I realize something as complex as a browser can never be done, but would it be so bad if new feature development slowed to a crawl? I suppose I only want a faster horse, but few of the cutting edge developments of Chrome seem like they have much to offer me.
New feature development? No. Security fixes slowing to a crawl though, that would be a disaster.
There's such a huge user base around chrome that I feel pretty confident it will land in a position where that isn't a problem - eventually. The transition could be rough though, right now I imagine it's quite heavily tied to google infrastructure and engineers.
OS companies (particularly microsoft, who maintains a chrome fork already) seem like a good bet.
There are other browser companies (brave, opera, etc) who might be interested, though it would be quite a gamble for them to buy chrome in my opinion.
There's a lot of software based on top of chrome (via electron), which means a lot of money that cares about what happens to it, which could easily influence things.
>OS companies (particularly microsoft, who maintains a chrome fork already) seem like a good bet.
Great, so we go right back to the days of IE6. No thanks.
>There are other browser companies (brave, opera, etc) who might be interested
These companies are viable because they get to outsource the bulk of the browser development and maintenance to Google for free. I don't think they can afford to buy and run the whole browser.
>There's a lot of software based on top of chrome (via electron)
This is honestly the best scenario I can see of all the discussion I've read about this, and I'm surprised I haven't seen it brought up before. Still, from what I read on Wikipedia, Electron was spun off from Github (owned by MS now) and is run by a foundation with a bunch of tech company members, so going from this to a whole for-profit company for something that is basically just an open-source wrapper over Chrome's engine seems unlikely.
Probably not. I'd reckon even the other corporate donors and contributors to Chromium apart from Google will be in favor of Manifest V3 and killing content blockers.

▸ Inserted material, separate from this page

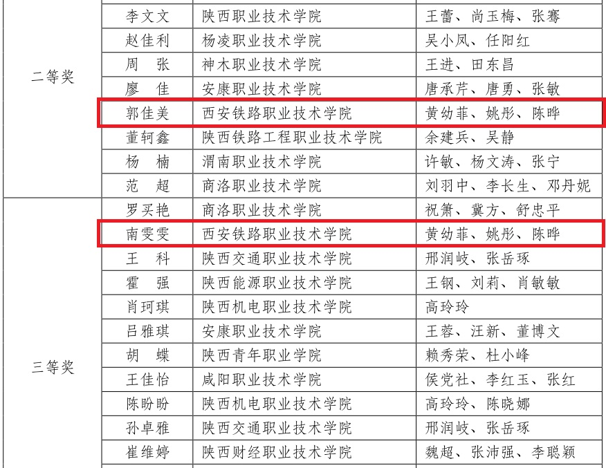 大赛分为教师微课赛和学生个人赛。教师组微课赛贝博官网有两名教师参加,提交了3件作品。学生个人赛采取线上答题的方式,答题完毕即出得分,竞赛成绩根据答题分数以及时长两个指标进行排序。贝博官网共有172名学生注册报名,110名学生取得有效成绩,38名学生获得奖项,其中特等奖3名,一等奖5名,二等奖10名,三等奖20名,成绩排名最高的郭佳美(铁道通信2001)、南雯雯(铁道运营2003)同学代表学校参加了省赛。

I don't think that's a good idea, it should be a separate, ideally hardwired device (or VM on a host with an Ethernet connection).
But I wonder if you could run the PiHole (or Technitium, or AdGuard Home, etc) in a container with Podman or Compose, and set your DNS to 127.0.0.1? I feel like that would create some kind of feedback loop.
Why not a good idea?? There is nothing that say it should be a separated hardware..
In fact, AdGuard app for iPhone does basically this, it install itself as an always on VPN to hijack DNS queries from apps..
You dont even need containers or VM for AdGuard, it have a windows version that you can install as a service and then just point the DNS to localhost..
For Pihole i seen guide that use WSL to run it locally, but using containers in this case might be easier..
I dont know Technitium so cant comment on it, but quick search it look like it also have a windows version so it might not require containers as well..
It is not the usual configuration but it work.. In this case i would point AdGuard to use whatever DNS is available in the local network so you do not loose access to local stuff..
If you are on a laptop it will require some manuall managing unfortunatelly, but if you are on a fixed network you just need to set it up once and forget about it..
That's a good point about phone VPNs! It feels like this would be counter to someone's recommended best practice, but now I'm curious and might try this on my own :)
basically every adblock on iphone does this, usually as part of a premium paid upgrade..
iOS unfortunately does not have a way for those apps to hijack the OS level DNS... so they fake a VPN to configure thenselves as the VPN DNS server to allow then to capture all the local DNS traffic..
they do this because it is, as far as i know, their only option to do ad blocking for the whole device instead of just for safari..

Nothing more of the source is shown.